Guest Editorial: A Special Issue in Physical Design for Big Data Warehousing and Mining

Download PDF

Ladjel Bellatreche¹,
Pedro Furtado² &
Mukesh K. Mohania³

10k Accesses
4 Citations
1 Altmetric
Explore all metrics

Big data is data that exceeds the processing capacity of conventional systems, typically because it is too big, moves too fast (high incoming rates), or is too unstructured for the traditional database approaches to handle. Research involving big data primarily concerns itself with how to discover and make sense of such high amounts of data. Researchers devise solutions for future systems to deal with these challenges more effectively and efficiently. Issues investigated include capturing, searching, storing, analyzing, sharing, and visualizing big data.

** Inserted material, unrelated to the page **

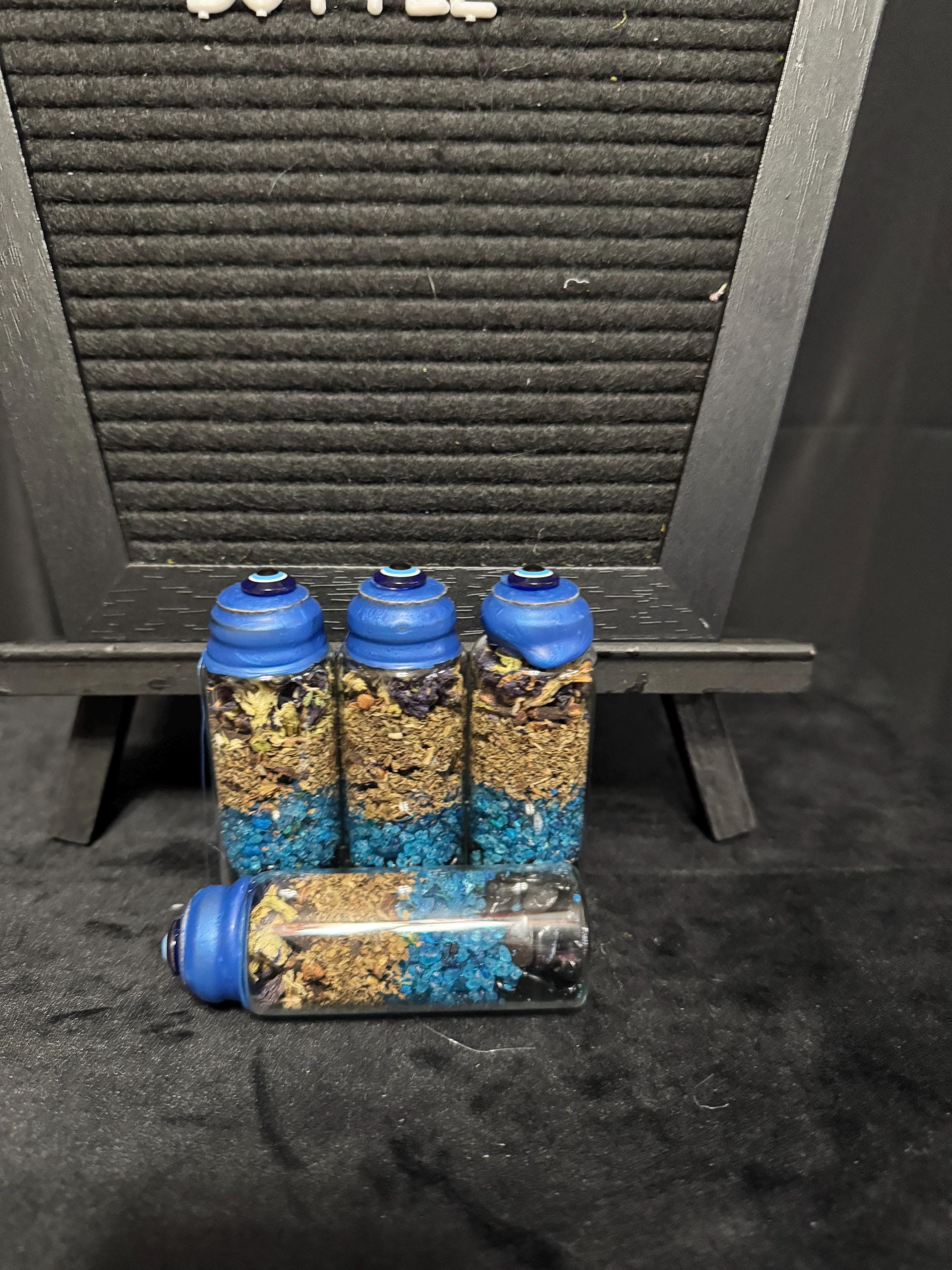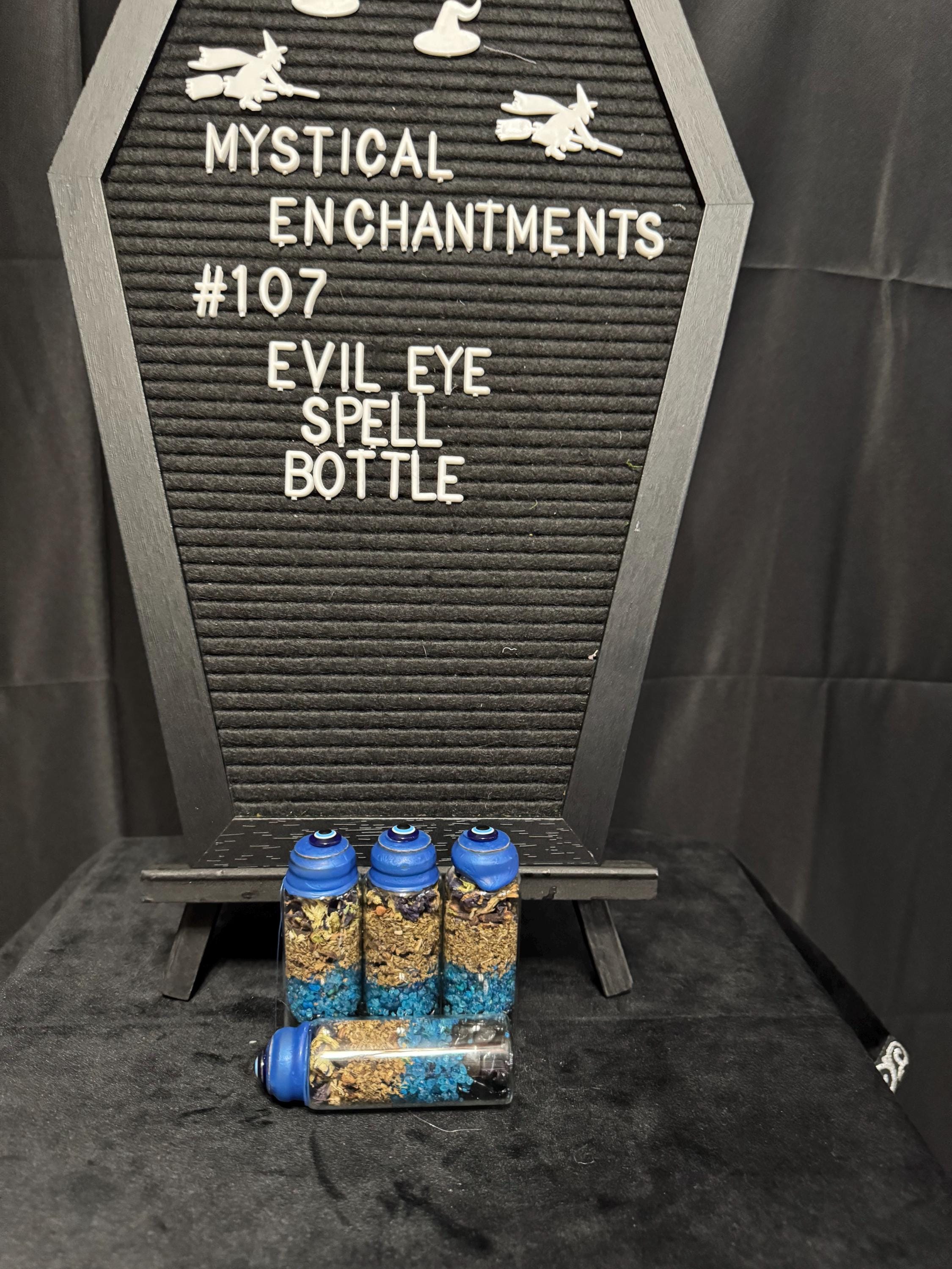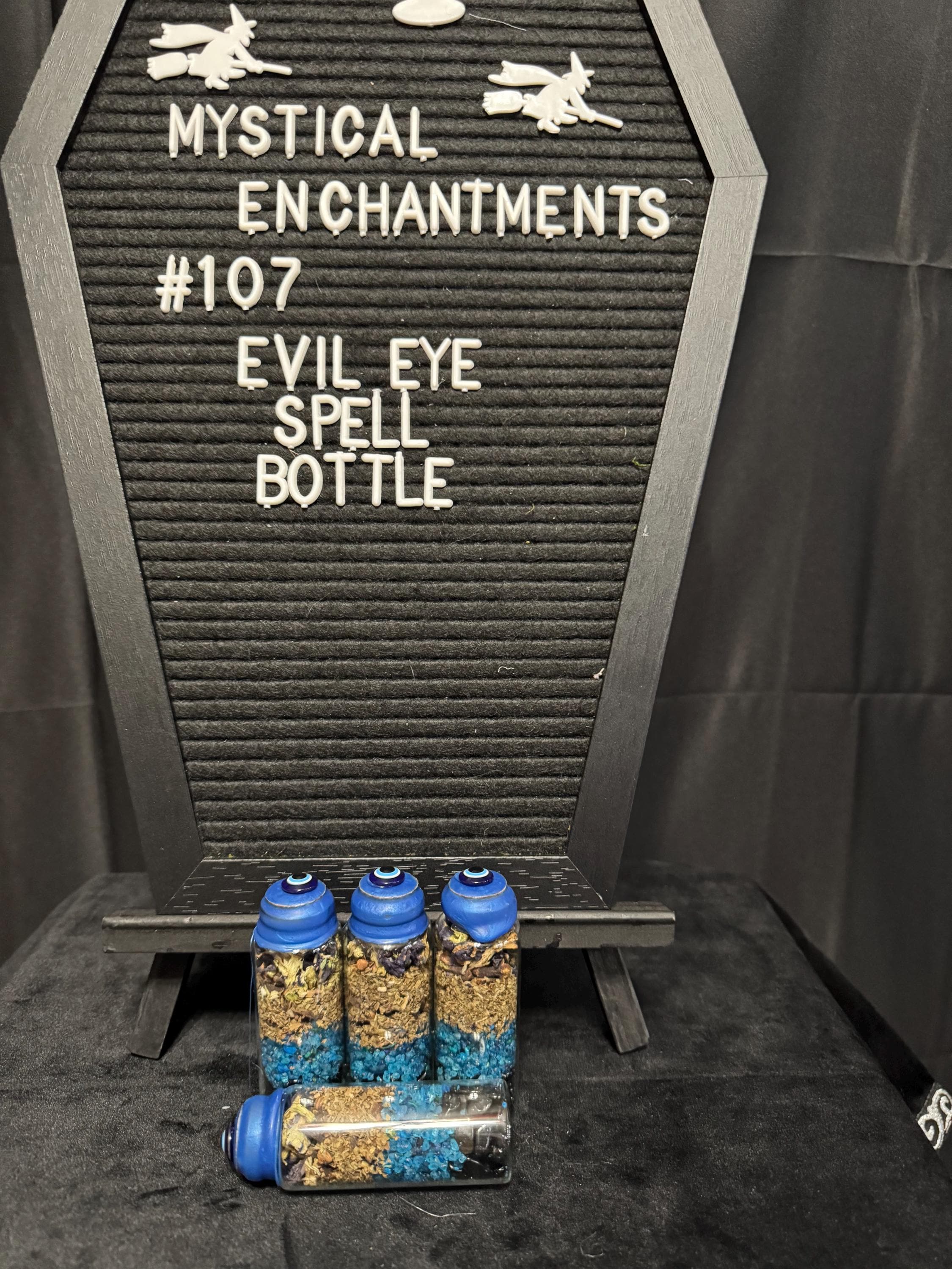 Evil Eye Spell Bottle is a tool for protection against negative energy, jealousy, and bad luck. It is filled with a blend of ingredients like herbs, crystals, and salts, believed to create a spiritual shield, repel harm, and even send negativity back to its source. The purpose is to safeguard well-being, bring good fortune, and break hexes. Key Purpose; protection, energy cleansing, sending negativity back, and attracting good fortune. Picture shows 4 spell bottle order only comes with 1 spell bottle. Blessed Be!

Meanwhile, data warehousing and mining technologies have evolved to scale and to analyze large volumes of data. There were major advances concerning architectures, physical design, indexing, query processing, optimization and parallel processing. But the volume, variety, and velocity of big data require us to rethink mechanisms to be able to cope with new requirements.

There was great response to the call for papers; we received 13 papers from 9 countries (Australia, China, France, India, Italy, Korea, Morocco, Tunisia, and the USA). Due to the limited space, only five papers were accepted and selected for this special issue.

This special issue discusses advances in architecture and design for the warehousing and mining of big data. The works presented provide interesting answers to questions on how to deal efficiently with high-rate industrial process data, the visualization of big data, the handling of huge scientific datasets, and graph big data and spatial data. These topics cover domains such as astronomy, engineering, energy, etc. The particularity of these papers is that most of them used case studies derived from academic and industrial projects [e.g. PetaSky: http://com.isima.fr/Petasky and Electricity of France (EDF)].

The five selected papers are summarized as follows:

The paper titled Chronos: a NoSQL System on Flash Memory for Industrial Process Data by Brice Chardin, Jean-Marc Lacombe, and Jean-Marc Petit presents the design of a system to handle the archiving of industrial process data. Given the lack of optimizations of traditional database management systems concerning the use of flash memories, especially in scenarios with write-intensive workloads, they propose Chronos, an open-source NoSQL system that supports acquisition rate improvements in the range of 20–54 when compared with other existing solutions. Their solution is based on an append-only approach for insertions and index management techniques optimized for process data management over flash memories.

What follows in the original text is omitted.